Male Sagittal Crest Development

The formation of a sagittal crest is clearly associated with masticatory considerations related to temporalis development relative to cranial size. In contrast with Skelton et al. (1986), Skelton and McHenry (1992) suggest phenotypic features associated with function should not automatically be dismissed as phylogenetically informative, given the concept of phylogenetic niche conservatism (see main text). While some may consider character 5 to be correlated with this character, an examination of Appendix Table 1 shows that this is not the case. For example, while there is a consistent correlation between strong anteromedial incursion of the temporal lines and sagittal crest formation, in some genera, moderate incursion may lead to a weak sagittal crest posteriorly (e.g., Praeanthropus [Kimbel et al., 1994]) or to no sagittal crest at all (e.g., Sahelanthropus [Brunet et al., 2002], Australopithecus, and Pan [D.E. Lieberman et al., 1996; Strait & Grine, 2001]).

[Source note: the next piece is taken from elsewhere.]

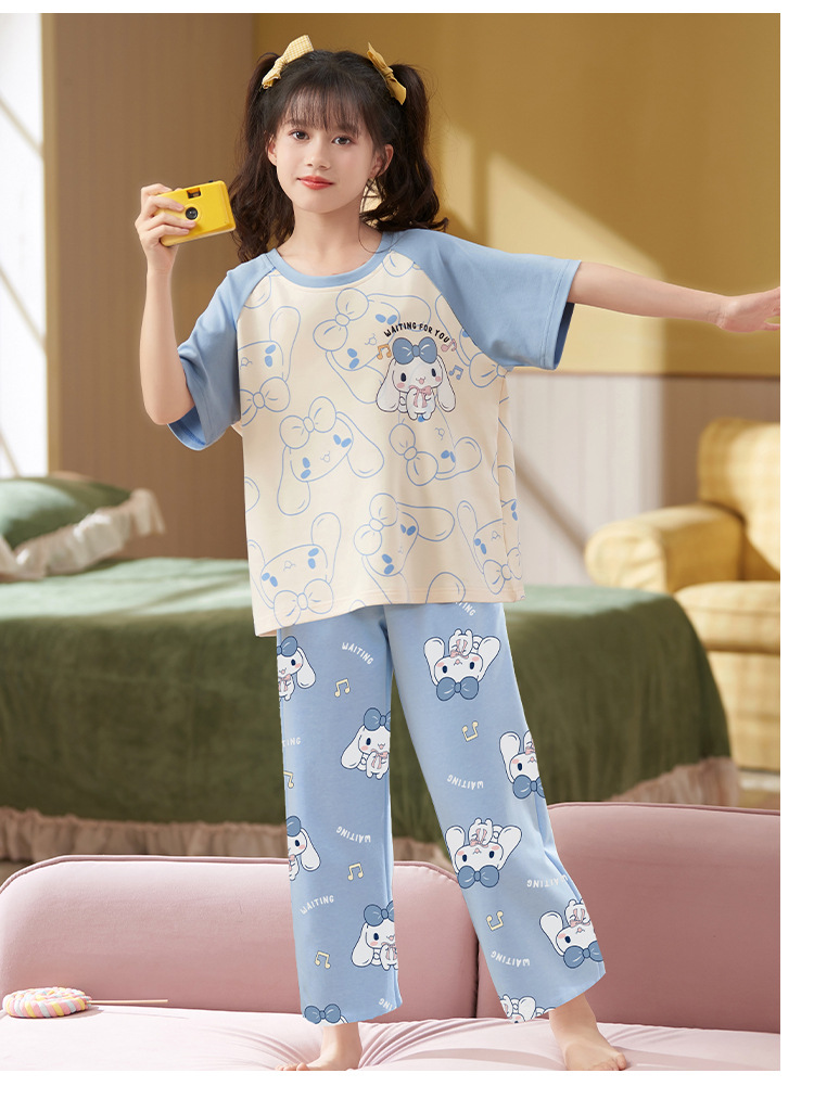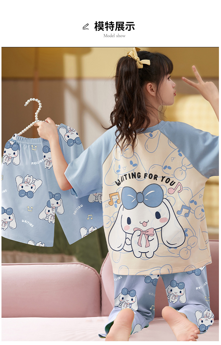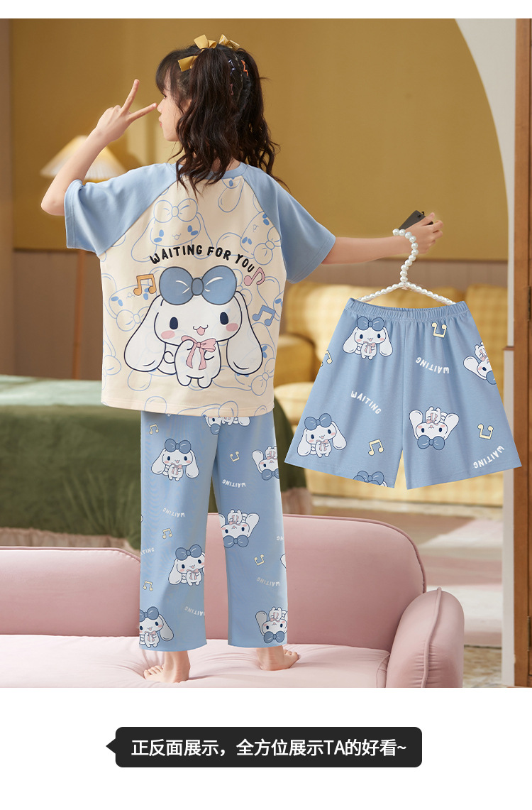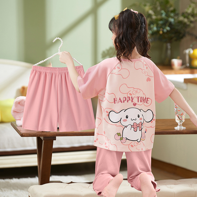 여름 잠옷 소녀 얇은 반팔 중대형 어린이 공주 스타일 달콤한 아기 3 피스 세트 여름 소녀 가정 의류

A well-developed sagittal crest (= 0) is observed in Paranthropus males (Tobias, 1967; Rak, 1983; Skelton et al., 1986; Strait et al., 1997; Strait & Grine, 2001), Pongo, and Gorilla. Males of Praeanthropus and the "garhi group" usually have a weak sagittal crest, which is more posteriorly located (= 1) (Kimbel et al., 1994; Asfaw et al., 1999; Strait & Grine, 2001). Where preserved, males of Sahelanthropus (Brunet et al., 2002), Pan, K. platyops (M.G. Leakey et al., 2001), Australopithecus (Rak, 1983; Skelton et al., 1986; Skelton & McHenry, 1992), H. habilis (Tobias, 1991), K. rudolfensis (Strait et al., 1997; Strait & Grine, 2001), H. ergaster (B.A. Wood, 1991), and H. sapiens usually do not have sagittal crests (= 2). Note that while the "australopithecine" material from Sterkfontein is supposed to display sagittal crests, it is not considered here due to the current taxonomic confusion of this material. See Strait et al. (1997) and Strait & Grine (2001) for a differing interpretation.